§ MATERIAL PROVIDED
----------
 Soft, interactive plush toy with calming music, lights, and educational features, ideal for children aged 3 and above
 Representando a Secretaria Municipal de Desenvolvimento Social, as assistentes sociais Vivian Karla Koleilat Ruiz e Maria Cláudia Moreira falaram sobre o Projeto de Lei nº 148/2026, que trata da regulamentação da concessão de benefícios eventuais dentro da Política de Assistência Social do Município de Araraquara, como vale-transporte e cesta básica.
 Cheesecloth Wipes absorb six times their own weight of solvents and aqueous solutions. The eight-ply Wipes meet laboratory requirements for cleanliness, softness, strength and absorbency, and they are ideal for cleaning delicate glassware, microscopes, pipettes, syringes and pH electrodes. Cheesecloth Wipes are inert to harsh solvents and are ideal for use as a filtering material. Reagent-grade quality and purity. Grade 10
----------
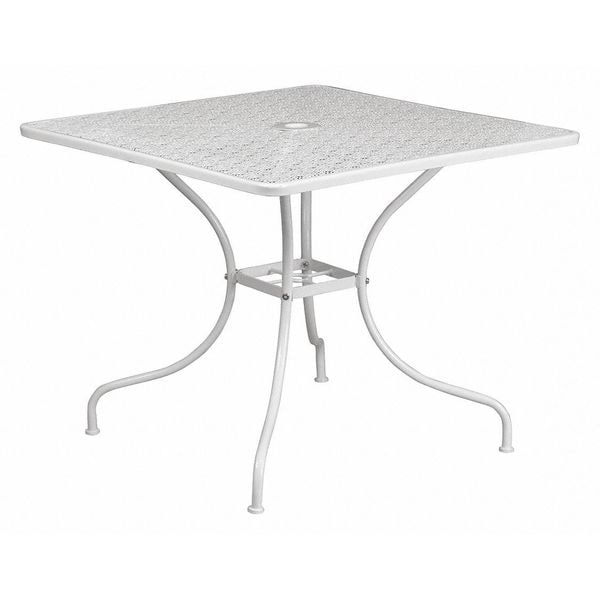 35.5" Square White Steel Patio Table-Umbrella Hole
----------
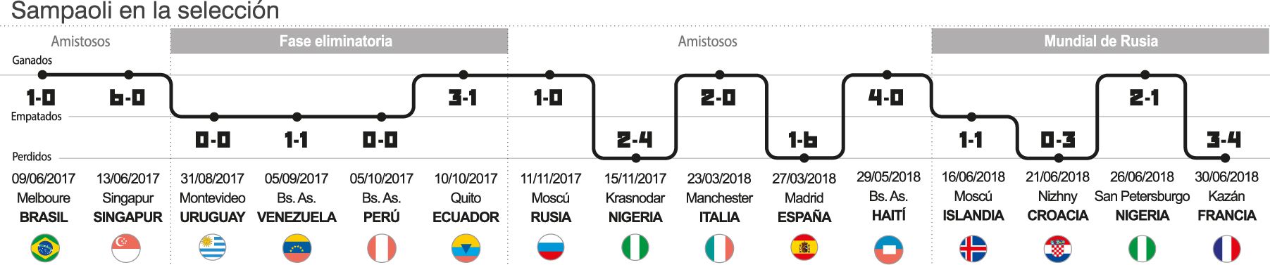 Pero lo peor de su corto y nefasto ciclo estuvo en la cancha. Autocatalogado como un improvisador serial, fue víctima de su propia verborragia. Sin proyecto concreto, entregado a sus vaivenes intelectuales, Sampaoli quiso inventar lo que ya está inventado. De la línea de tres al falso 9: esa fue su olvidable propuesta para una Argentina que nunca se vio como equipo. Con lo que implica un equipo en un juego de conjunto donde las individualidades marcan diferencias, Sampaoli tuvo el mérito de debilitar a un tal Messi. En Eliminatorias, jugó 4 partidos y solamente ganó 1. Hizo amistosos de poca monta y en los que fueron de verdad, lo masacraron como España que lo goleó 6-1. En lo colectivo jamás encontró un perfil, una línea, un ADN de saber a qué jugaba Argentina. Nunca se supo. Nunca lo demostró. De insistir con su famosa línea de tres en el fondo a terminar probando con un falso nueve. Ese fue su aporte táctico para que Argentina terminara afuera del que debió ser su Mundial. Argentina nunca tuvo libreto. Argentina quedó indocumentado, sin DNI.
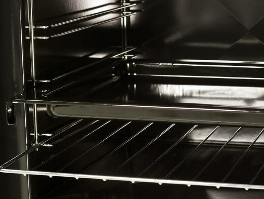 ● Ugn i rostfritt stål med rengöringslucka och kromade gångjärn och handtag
----------
§ TASK DIRECTIONS
Copy the stretch of the records above that runs from the line with "Soft, interactive plush" through the line with "Cheesecloth Wipes absorb". Both end lines belong in the copy, and nothing else does.

§ RESULT OF THIS TASK
 Soft, interactive plush toy with calming music, lights, and educational features, ideal for children aged 3 and above
 Representando a Secretaria Municipal de Desenvolvimento Social, as assistentes sociais Vivian Karla Koleilat Ruiz e Maria Cláudia Moreira falaram sobre o Projeto de Lei nº 148/2026, que trata da regulamentação da concessão de benefícios eventuais dentro da Política de Assistência Social do Município de Araraquara, como vale-transporte e cesta básica.
 Cheesecloth Wipes absorb six times their own weight of solvents and aqueous solutions. The eight-ply Wipes meet laboratory requirements for cleanliness, softness, strength and absorbency, and they are ideal for cleaning delicate glassware, microscopes, pipettes, syringes and pH electrodes. Cheesecloth Wipes are inert to harsh solvents and are ideal for use as a filtering material. Reagent-grade quality and purity. Grade 10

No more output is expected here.